You find out that she doesn't have a great GPA, she's not a great test taker, she struggled with her ACTs, and she's essentially a kind of . . . She is that kid that would be considered part of the achievement gap. And it just doesn't square with what you know of her in this film.  And that leads to a great insight from one of the black teachers in the school, who talks about the limitations in which we define how our kids are smart.

We do a whole section on the lack of black teachers, which applies everywhere but is especially true in Oak Park. And the feeling is that the black teachers that we are featuring in the program and in the school don't feel accepted and welcomed and empowered. There are moments in the series where the series turns very analytical and looks at some of the failures and the bureaucracy and the lack of will.

But the heart of the series is also just the stories of these kids and their lives which I do think, just speaking for white Americans, I think white Americans need to see lives of kids like this. They need to have different ideas of who black kids are in America.

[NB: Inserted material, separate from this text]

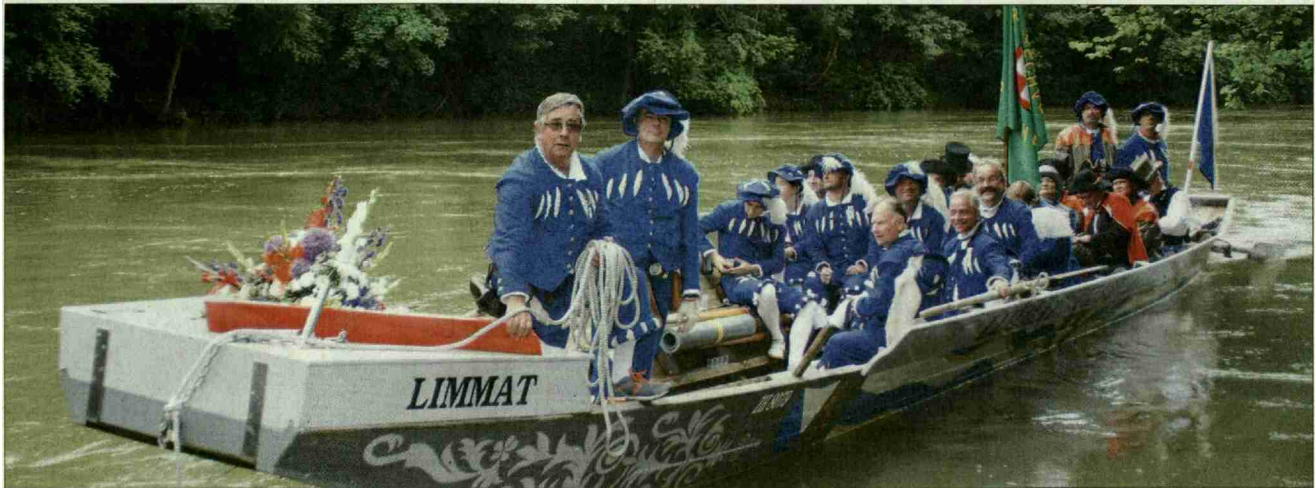
Ankunft am Limmat-Landesteg oberhalb des Kraftwerkes Aue, Baden

I've always thought of documentaries as being much more on the cutting edge, in terms of socially relevant content, than scripted in general. But I actually think documentary had been trailing scripted in this, because I do think that there are more examples in the scripted world of shows that are grappling with a fuller experience of what it means to be black or biracial in America than what has been going on in the world of documentary, which is intended to focus on the most desperate, the most dramatic stories.

Yes, and I also think they're popularized in a way that people view them as part of the reality genre. And there's a plus and minus to that, as you know, the plug being there are more people watching them. The minus is that there's a tendency for people look at these stories almost as if they're not really happening, to view real people as characters.

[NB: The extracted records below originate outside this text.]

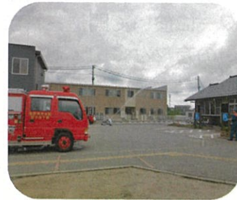
《分団による放水訓練》

これらの訓練・研修は、射水消防署、射水市役所の指導協力を得て橋下条分団及び地域主体で実施しました。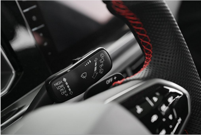
Volkswagen Zentrum Essen GOTTFRIED SCHULTZ

Angebotsnummer: 70949 Ausdruck vom: 29.04.2024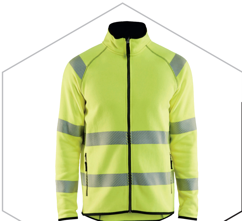
4922 HIGH VIS STRICKJACKE 91.90€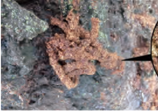
フラス 幼虫が樹木(写真はサクラ)の幹に開けた排出口から排出したフラスです。色は茶色又は黄褐色で、特徴的な「あらびきのひき肉」状をしています。4月頃から秋にかけて活発に排出されます。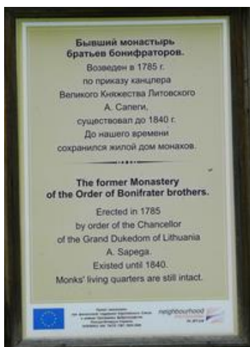
Фот.6 Информационная табличка у монастыря бонифраторов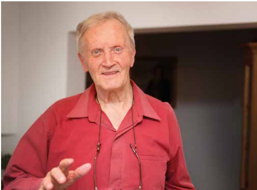
Zdaj preučuje življenjepis matematika Iva Laha iz Štrukljeve vasi.

morali vse živali izolirati. Takrat, ko je bila slinavka, se je poklalo vse krave na Marofu in Nadlesku, je šlo petsto krav in pitancev. V Cerknici sem bil slaba tri leta, potem sem dobil službo v Kmetijski zadruzi Postojna.

Right. I ran into this on when I made “Hoop Dreams.” I had an uncle who lived in California, you know, who lives in a very prosperous neighborhood. After he saw the film, in all seriousness, he said to me — and he meant this — he goes, "I had no idea that black parents wanted the same things for their children as white parents do."

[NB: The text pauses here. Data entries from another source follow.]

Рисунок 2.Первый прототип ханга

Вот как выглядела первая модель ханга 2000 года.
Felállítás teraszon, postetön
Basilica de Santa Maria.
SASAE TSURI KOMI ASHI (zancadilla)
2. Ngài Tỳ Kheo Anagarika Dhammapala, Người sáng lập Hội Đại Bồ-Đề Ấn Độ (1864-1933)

Well, that was great that he got that from the film. It's a profoundly sad commentary that he needed a film to communicate that to him. But I do think that a lot of that persists to this day. In this series, you see single-parent households where they're making it work. It's not to say they're not struggling. You will see intact families. You will see loving parents. Nobody dies in this series, I'm so happy to say. No one got shot. This is not what this is about.

Yet at the same time it does not mean that they have it on Easy Street when it comes to education or living in America. That there are still hurdles and I was just really inspired by the kids we followed because so many of them have a level of awareness that I feel earlier generations around this do not have. They are so plugged in in terms of what is going on in this world in terms of race and class.

Do you feel like there was any kind of awareness of the cameras that shifted behavior while you were there?

Well that's always the $64,000 documentary question. On some level it always has some impact. But when you spend enough time with subjects, you get less of that and it gets more real. I think the portraits that we were able to draw are authentic.

We had this really diverse team of filmmakers, and I think that really helped in terms of relatability with the students we followed.

But the other thing about this generation is that with social media, there’s this awareness that whatever you put out there could be out there forever. They're much more savvy about what they will choose to share about their lives. And this is not a series where I felt like we had to see them partying down and drunk. That's not what it's about, but we weren't going to get that anyway.

There is a level of sophistication now about media that causes kids to make certain choices about what they're willing to let you in to share. And I support that, actually.